If the target mention/document is in a general field, it is possible to construct a large Alias Table statistically from a large number of member-entity pairs from Wikipedia and Web Crawl.

When an alias table is not available or has limited coverage, candidates can be generated by the surface similarity between mentions and entities (Murty et al., 2018; Zhu et al., 2019). However, capturing all possible entities for a mention by its surface similarity is extremely difficult if not impossible, especially in biomedical literature wherein entities often exhibit diverse surface forms (Tsuruoka et al., 2008). For example, the gold entity for the mention rs2306235, which occurs in the St21pv dataset (Mohan and Li, 2019), is PLEKHO1 gene. However, this entity is likely to be overlooked in surface-based candidate generation, as it does not share a single character with rs2306235.

To mitigate the dependence on alias tables, Gillick et al. (2019) proposed using the approximate nearest-neighbor (ANN) search. Although their method successfully abstained from using alias tables, it instead requires a large corpus of contextualized mention-entity pairs for training, which is rare in specialized domains. Wu et al. (2019) proved that Bi-encoder is still useful for entity candidate generation in similar setting, such as Zero-shot one which Logeswaran et al. (2019) proposed, but the accuracy is still far below that of the general domain, and further research is expected in this setting.
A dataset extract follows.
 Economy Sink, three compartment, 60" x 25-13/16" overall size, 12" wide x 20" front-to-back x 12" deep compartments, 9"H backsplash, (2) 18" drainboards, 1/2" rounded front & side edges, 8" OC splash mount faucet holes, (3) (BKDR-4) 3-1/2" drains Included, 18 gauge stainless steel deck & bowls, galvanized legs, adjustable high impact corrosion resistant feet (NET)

In this article, we will implement entity linking using Bi-encoder. We will implement two types of candidate generation, one based on surface forms and the other using approximate neighborhood search.

Source Codes

Source codes are here.
https://github.com/izuna385/Entity-Linking-Tutorial

Data Preprocessing

Written in the above source codes. In this article, we use BC5CDR (Li et al. (2016)) dataset for training and evaluating model.
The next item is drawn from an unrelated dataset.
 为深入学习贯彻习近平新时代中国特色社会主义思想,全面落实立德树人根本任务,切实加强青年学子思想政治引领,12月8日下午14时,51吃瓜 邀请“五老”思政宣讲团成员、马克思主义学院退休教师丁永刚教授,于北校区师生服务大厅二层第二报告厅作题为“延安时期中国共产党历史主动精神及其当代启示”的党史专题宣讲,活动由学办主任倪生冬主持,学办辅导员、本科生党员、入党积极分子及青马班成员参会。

BC5CDR is a dataset created for the BioCreative V Chemical and Disease Mention Recognition task. It comprises 1,500 articles, containing 15,935 chemical and 12,852 disease mentions. The reference knowledge base is MeSH, and almost all mentions have a gold entity in the reference knowledge base.

In this article, we preprocessed Pubtator format documents by using scispacy in parallel processing. Here is the tool used for this preprocessing.
https://github.com/izuna385/PubTator-Multiprocess-Parser
https://github.com/izuna385/ScispaCy-Candidate-Generator

Model and Scoring

Transformers are used for encoding mentions and entities. Cited from Humeau et al., ‘20.
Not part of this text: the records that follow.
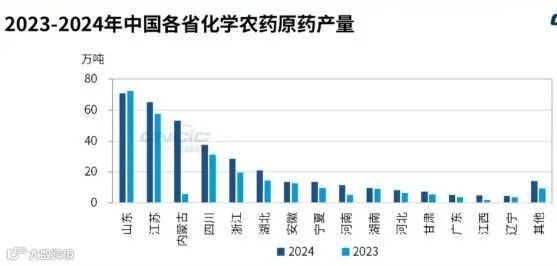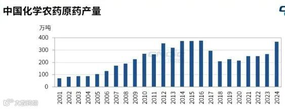 2024年,中国化学农药原药产量达367.5万吨,同比大增37.6%。其中: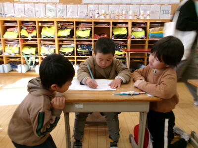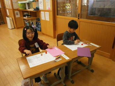 その後、先生が配った紙をハサミで切り始めた子どもたち。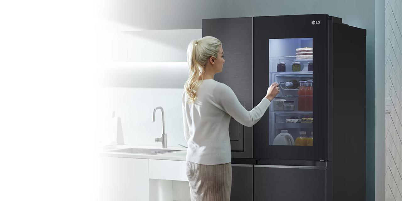 انقر مرتين وشاهد ٪23 أكثر مما بالداخل مع أحدث جيل من ثلاجات ™InstaView™ ThinQ.

The encoder for the model and candidate entities is a very simple structure. We will use embeddings that are encoded from the link target range and surrounding word pieces. We will also use an embedding that is generated from the entity name and description.

Candidate Generation

For surface-based CG, we use ScispaCy for two reasons. The first is that the dataset we are working on, BC5CDR, belongs to the biomedical field, and the second is that ScispaCy itself has a superficial form-based candidate generation function. For ANN-based CG, we will use faiss.

Training

To save negative examples when training with BERT, we use in-batch negative sampling here.

In this learning method, it is possible to train the encoder more rigorously by increasing the batch size, but this also increases the GPU resources required. In this experiment, we have confirmed that training is possible even with a batch size of 16 🙂.

Evaluation and Results

We use two methods for candidate generation: surface form and approximate neighborhood search, but the final prediction uses the inner product of the mention and entity embeddings for both.

Surface-based CG

ANN-based CG

Discussions and Further Directions

The final correct answer rate was about 50% for the surface form-based candidate generation. In this case, we used inner product for the final prediction, but in fact, surface similarity is another important feature in prediction. In addition to scoring between embeddings, it is conceivable to prepare a scoring function that takes character similarity into account.

In addition, the data set used in this study is only about 10,000, which is only 1/10000th of the number of data used in Gillick et al. From this, we can infer that our model successfully encodes the context and entity information into the embedding.